**PROBLEM DETAILS**: Every line below is to be set down again exactly; any image stays out.

**RECORDED INFORMATION**:
== Segment start ==

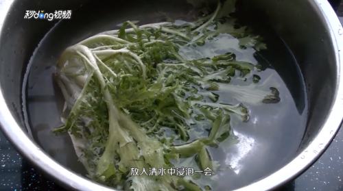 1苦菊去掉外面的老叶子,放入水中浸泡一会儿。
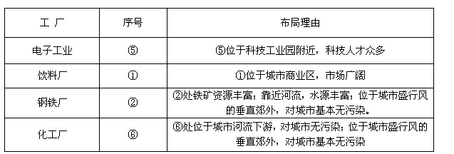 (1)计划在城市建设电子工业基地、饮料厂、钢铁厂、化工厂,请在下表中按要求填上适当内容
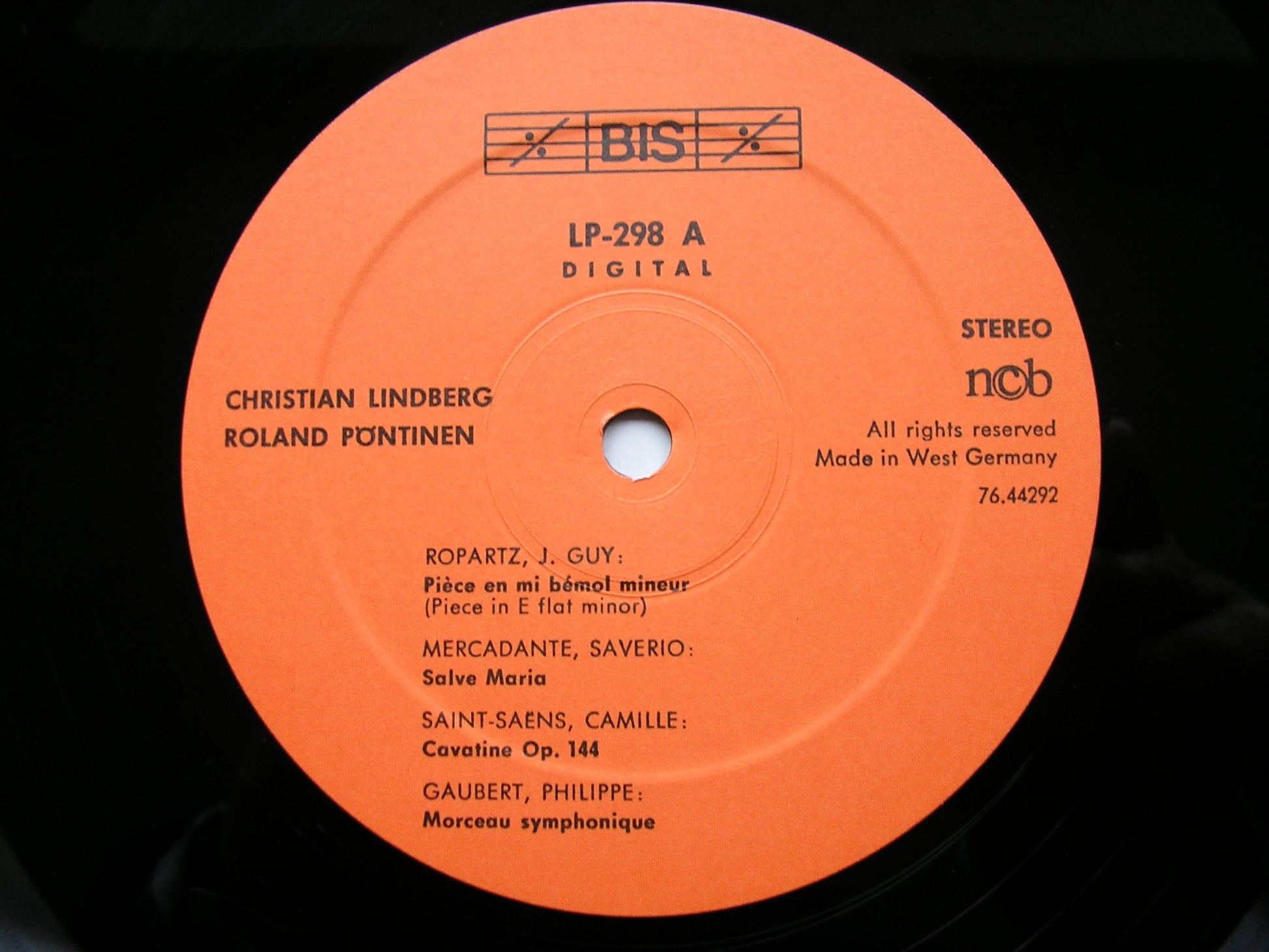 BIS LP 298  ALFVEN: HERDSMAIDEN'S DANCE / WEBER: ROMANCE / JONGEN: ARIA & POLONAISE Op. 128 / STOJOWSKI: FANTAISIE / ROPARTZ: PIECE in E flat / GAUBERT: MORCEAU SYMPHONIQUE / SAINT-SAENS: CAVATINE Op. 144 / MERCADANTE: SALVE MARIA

== Segment end ==

**SOLVED PROBLEM**:
 1苦菊去掉外面的老叶子,放入水中浸泡一会儿。
 (1)计划在城市建设电子工业基地、饮料厂、钢铁厂、化工厂,请在下表中按要求填上适当内容
 BIS LP 298  ALFVEN: HERDSMAIDEN'S DANCE / WEBER: ROMANCE / JONGEN: ARIA & POLONAISE Op. 128 / STOJOWSKI: FANTAISIE / ROPARTZ: PIECE in E flat / GAUBERT: MORCEAU SYMPHONIQUE / SAINT-SAENS: CAVATINE Op. 144 / MERCADANTE: SALVE MARIA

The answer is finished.